Regeneron Pharmaceuticals, Inc. (REGN) is backing a promising gene therapy collaboration with a serious check. The company announced Monday it's partnering with Tessera Therapeutics to jointly develop and commercialize TSRA-196, an experimental treatment targeting alpha-1 antitrypsin deficiency.

If you haven't heard of AATD, here's the deal: It's an inherited genetic disorder where your body doesn't produce enough alpha-1 antitrypsin protein, which normally protects your lungs and liver. Without enough of this protein, patients can develop serious damage to either or both organs. It's rare but not insignificant, affecting approximately 200,000 people across the U.S. and Europe.

What makes TSRA-196 interesting is that it's designed as a one-and-done solution. Rather than managing symptoms indefinitely, this gene writing therapy aims to precisely correct the underlying genetic mutation responsible for AATD, restoring the body's ability to produce functional AAT protein. Think of it as fixing the typo in your DNA rather than just dealing with the consequences.

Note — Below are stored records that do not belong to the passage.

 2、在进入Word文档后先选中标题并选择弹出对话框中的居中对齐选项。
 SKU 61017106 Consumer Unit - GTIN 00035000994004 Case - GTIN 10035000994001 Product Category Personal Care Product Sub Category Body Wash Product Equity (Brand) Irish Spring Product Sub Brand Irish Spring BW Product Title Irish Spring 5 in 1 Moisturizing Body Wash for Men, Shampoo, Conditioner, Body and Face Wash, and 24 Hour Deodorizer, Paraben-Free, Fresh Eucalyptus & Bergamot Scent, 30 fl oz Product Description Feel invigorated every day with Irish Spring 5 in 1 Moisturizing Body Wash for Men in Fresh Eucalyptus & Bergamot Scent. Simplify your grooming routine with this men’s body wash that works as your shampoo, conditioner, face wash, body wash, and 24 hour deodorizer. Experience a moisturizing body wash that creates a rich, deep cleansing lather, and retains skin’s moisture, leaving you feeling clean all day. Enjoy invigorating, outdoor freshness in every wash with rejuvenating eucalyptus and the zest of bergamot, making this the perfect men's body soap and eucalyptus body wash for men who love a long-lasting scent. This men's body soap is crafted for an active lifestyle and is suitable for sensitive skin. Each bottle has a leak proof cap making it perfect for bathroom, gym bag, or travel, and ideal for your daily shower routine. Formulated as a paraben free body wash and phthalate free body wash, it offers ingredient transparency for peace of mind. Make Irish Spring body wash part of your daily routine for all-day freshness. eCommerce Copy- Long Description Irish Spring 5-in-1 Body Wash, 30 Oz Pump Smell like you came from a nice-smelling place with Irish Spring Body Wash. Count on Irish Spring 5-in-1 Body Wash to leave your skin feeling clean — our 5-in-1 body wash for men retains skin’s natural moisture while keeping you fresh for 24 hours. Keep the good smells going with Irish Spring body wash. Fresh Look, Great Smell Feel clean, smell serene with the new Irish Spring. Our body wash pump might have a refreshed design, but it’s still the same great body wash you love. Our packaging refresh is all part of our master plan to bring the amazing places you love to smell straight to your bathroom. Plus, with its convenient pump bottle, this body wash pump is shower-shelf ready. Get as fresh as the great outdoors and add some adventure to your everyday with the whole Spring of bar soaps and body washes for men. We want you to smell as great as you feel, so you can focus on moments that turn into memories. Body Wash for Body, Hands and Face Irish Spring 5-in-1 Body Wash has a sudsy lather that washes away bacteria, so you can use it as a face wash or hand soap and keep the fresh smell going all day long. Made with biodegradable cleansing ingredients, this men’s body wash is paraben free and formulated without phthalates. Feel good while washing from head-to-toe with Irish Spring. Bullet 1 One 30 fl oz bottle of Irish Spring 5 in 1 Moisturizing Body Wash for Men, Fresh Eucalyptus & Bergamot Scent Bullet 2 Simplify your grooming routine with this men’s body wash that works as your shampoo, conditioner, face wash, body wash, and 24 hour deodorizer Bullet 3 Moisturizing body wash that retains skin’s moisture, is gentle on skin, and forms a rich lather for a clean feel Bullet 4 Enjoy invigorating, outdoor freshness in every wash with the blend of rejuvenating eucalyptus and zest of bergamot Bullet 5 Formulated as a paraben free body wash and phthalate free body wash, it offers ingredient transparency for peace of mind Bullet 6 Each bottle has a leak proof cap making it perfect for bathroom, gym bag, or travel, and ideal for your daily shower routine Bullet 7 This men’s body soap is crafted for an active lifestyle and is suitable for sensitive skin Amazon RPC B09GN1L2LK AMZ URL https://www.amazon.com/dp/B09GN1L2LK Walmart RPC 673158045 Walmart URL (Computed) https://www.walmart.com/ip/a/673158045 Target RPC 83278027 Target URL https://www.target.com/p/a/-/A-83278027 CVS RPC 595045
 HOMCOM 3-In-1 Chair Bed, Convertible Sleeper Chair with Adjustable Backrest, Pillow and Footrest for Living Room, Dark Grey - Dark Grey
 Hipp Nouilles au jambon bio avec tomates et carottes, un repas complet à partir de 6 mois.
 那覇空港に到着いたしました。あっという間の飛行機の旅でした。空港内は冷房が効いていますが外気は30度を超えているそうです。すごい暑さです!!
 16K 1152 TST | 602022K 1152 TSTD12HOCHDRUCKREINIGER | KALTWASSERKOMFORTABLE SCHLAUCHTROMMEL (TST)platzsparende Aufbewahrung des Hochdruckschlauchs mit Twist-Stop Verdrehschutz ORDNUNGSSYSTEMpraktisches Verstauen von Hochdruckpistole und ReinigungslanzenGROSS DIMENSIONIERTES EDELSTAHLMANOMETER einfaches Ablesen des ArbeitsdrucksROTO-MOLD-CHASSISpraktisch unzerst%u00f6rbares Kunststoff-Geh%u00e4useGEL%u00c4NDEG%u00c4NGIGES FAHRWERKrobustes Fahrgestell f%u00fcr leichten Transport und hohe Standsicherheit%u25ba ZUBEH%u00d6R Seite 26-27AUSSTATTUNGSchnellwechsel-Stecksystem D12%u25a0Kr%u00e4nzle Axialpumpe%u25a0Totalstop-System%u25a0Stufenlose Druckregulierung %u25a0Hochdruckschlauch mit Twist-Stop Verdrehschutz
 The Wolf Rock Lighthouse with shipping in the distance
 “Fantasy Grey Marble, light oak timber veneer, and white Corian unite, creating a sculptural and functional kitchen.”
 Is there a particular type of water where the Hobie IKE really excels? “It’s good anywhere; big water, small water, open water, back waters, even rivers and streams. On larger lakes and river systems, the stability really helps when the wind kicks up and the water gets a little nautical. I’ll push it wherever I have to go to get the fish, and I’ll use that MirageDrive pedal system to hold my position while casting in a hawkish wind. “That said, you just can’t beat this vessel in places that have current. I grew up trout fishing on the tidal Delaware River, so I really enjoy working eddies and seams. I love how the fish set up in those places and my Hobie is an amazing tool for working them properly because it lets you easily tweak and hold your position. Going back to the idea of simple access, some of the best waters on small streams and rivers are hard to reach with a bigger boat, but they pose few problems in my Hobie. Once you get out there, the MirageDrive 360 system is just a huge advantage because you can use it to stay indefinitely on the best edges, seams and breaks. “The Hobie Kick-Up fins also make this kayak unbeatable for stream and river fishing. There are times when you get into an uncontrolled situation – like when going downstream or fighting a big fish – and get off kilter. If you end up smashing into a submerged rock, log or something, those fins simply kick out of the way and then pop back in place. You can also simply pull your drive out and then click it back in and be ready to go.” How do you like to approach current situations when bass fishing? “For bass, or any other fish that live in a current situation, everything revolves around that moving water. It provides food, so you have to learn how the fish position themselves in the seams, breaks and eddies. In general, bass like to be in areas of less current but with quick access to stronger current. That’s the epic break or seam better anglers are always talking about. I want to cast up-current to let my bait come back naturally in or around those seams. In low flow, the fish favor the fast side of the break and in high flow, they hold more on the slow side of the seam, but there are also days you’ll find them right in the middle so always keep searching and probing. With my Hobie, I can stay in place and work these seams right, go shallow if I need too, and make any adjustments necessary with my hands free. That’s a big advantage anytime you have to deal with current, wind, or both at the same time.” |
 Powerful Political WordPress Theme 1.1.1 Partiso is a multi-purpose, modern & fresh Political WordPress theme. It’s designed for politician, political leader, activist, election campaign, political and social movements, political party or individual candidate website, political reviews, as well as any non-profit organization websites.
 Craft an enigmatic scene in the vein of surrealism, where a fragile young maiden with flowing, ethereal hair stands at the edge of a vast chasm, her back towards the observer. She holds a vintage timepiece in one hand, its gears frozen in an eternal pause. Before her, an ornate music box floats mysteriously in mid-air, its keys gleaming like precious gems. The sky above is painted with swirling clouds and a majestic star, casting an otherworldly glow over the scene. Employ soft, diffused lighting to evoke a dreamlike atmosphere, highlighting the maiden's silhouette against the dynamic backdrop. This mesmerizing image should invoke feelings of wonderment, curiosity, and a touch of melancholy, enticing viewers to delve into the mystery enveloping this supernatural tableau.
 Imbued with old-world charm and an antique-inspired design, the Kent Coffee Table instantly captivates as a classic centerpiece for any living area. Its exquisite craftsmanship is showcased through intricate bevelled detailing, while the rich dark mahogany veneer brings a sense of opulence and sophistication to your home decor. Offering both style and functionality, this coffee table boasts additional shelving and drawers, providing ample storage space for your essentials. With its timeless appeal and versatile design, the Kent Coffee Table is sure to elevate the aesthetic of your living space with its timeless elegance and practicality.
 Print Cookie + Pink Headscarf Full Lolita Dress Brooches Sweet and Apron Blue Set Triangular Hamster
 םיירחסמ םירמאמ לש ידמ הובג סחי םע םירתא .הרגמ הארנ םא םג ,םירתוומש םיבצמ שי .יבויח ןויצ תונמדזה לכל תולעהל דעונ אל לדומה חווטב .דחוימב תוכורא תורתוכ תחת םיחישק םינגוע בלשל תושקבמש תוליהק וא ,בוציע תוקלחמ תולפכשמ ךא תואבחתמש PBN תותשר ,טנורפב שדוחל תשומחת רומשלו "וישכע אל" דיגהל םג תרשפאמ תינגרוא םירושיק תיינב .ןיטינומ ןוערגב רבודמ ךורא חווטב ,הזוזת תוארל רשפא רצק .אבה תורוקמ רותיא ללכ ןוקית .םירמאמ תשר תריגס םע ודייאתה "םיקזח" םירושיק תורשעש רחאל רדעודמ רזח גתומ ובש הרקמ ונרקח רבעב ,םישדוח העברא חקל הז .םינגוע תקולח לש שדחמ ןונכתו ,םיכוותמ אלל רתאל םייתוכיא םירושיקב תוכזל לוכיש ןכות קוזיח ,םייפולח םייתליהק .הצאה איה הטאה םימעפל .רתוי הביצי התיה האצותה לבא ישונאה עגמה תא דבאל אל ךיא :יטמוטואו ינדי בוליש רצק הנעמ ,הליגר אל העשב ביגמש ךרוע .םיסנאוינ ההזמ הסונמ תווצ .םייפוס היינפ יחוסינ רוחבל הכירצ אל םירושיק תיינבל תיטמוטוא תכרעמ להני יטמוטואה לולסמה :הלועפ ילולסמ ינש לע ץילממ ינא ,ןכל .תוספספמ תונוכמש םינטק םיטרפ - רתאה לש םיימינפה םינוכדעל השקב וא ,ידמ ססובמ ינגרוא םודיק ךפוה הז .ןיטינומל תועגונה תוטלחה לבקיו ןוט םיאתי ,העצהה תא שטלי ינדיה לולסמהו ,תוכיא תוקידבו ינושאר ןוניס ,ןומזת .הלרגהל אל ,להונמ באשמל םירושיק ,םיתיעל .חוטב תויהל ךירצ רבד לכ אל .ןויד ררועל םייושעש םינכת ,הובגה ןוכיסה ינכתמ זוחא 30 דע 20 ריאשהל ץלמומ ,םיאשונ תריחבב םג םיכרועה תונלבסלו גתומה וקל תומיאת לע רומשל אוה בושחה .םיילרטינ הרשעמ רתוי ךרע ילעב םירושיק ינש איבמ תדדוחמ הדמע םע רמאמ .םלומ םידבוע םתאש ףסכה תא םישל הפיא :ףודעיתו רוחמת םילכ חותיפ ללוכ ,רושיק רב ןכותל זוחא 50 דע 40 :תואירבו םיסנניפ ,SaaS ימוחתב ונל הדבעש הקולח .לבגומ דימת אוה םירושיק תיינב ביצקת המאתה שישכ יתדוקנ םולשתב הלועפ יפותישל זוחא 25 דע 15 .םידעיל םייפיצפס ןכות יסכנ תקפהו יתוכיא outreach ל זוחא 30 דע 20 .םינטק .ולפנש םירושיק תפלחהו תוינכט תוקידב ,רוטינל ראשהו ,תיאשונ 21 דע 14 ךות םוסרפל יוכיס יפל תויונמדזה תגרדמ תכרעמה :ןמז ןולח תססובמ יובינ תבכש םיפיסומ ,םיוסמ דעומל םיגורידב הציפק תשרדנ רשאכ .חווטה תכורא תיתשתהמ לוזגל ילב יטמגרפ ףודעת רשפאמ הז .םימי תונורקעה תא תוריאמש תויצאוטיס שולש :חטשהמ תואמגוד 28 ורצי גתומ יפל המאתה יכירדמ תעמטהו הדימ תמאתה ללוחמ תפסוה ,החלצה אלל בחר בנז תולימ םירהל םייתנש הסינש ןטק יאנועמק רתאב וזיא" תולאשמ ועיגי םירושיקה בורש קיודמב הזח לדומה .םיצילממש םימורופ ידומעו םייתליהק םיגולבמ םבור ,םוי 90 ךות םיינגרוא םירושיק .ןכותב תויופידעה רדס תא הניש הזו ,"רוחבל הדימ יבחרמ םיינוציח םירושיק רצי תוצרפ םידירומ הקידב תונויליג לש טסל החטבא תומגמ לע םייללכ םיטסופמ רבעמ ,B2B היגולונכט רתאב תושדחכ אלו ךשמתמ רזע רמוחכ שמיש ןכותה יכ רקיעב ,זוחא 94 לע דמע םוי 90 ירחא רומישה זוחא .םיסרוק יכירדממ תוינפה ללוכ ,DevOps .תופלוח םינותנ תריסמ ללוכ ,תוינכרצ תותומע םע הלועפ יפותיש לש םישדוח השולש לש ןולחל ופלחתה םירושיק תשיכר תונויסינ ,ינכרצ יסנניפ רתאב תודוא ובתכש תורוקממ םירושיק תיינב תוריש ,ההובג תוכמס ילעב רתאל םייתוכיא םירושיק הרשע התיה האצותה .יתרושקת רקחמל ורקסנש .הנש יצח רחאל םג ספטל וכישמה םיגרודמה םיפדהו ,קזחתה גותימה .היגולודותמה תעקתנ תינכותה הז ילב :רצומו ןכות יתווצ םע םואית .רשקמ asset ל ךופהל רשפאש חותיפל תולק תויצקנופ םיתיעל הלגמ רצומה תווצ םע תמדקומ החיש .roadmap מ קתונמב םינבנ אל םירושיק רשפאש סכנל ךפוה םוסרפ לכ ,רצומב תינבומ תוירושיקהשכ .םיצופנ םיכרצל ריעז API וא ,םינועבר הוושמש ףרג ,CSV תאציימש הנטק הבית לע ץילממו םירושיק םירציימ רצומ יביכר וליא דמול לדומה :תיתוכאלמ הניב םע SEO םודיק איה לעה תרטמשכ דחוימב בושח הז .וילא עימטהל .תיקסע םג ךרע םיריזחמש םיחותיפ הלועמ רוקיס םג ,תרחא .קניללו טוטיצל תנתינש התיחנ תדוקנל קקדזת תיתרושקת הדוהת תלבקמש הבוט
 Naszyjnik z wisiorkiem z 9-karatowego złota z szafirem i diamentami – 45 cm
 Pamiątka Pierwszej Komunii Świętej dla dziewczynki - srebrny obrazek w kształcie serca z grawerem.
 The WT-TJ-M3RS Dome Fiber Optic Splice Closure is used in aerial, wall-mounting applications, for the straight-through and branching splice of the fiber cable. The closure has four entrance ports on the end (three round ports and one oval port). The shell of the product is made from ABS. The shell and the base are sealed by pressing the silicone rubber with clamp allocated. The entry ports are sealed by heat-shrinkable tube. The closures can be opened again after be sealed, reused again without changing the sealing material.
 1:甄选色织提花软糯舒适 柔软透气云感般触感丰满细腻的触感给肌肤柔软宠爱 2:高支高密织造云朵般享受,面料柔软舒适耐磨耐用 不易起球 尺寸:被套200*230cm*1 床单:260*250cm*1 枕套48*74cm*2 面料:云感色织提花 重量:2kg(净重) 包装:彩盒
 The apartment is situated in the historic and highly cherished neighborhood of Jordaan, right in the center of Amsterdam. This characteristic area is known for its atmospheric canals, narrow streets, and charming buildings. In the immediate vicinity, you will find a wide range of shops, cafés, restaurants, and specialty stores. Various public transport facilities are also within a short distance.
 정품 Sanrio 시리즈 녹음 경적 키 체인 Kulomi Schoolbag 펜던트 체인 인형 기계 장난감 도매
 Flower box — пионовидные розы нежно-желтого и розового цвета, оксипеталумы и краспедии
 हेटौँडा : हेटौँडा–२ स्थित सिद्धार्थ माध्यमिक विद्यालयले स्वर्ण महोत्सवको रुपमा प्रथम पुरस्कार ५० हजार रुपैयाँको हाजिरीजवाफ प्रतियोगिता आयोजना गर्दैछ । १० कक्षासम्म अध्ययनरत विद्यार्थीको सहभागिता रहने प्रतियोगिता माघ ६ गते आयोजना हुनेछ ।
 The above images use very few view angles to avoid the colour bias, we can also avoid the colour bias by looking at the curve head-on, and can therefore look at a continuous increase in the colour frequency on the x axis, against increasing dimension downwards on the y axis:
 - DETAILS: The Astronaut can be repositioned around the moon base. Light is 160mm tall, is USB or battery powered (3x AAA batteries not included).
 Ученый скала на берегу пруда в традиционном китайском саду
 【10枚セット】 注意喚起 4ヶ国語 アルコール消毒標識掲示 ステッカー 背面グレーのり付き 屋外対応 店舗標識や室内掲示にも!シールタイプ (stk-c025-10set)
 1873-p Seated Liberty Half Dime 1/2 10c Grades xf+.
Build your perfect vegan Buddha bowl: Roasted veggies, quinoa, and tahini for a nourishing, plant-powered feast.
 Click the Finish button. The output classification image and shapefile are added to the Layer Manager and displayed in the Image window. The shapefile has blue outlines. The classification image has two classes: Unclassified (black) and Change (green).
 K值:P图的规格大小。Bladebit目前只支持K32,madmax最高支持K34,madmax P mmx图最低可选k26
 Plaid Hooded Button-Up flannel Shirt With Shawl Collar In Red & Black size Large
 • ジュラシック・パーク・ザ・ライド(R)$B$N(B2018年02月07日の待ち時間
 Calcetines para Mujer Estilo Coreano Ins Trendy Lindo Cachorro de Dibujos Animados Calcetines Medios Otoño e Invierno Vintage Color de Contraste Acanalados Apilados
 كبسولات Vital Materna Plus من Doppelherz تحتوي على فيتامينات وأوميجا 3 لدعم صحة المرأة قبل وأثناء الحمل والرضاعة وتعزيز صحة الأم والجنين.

Tessera is moving quickly toward human trials. The company expects to file an Investigational New Drug application and multiple Clinical Trial Applications with the FDA by the end of this year, which would clear the path for testing in patients.

The Financial Structure

Here's how the deal breaks down: Tessera receives $150 million upfront, which includes both cash and an equity investment from Regeneron. Beyond that initial payment, Tessera can earn another $125 million through near and mid-term development milestone payments. The two companies will split worldwide development costs and any future profits equally.

As for responsibilities, Tessera will lead the first-in-human trial, while Regeneron takes charge of subsequent global development and commercialization efforts. It's a sensible division of labor that leverages Regeneron's commercial muscle with Tessera's specialized gene therapy platform.

The Science Behind It

This collaboration builds on some compelling preclinical data that Tessera presented at the American Society of Gene & Cell Therapy Annual Meeting. The results showed durable, high-fidelity genome editing of SERPINA1, the specific genetic locus responsible for AATD, in both mice and non-human primates following a single dose of TSRA-196.

What really caught attention was the precision: high liver editing specificity with no germline or off-target editing detected, plus favorable safety and tolerability using Tessera's proprietary lipid nanoparticle delivery system. In other words, the therapy appears to hit its target without causing collateral damage elsewhere in the genome.

Regeneron stock was down 3.02% at $756.40 on Monday following the announcement.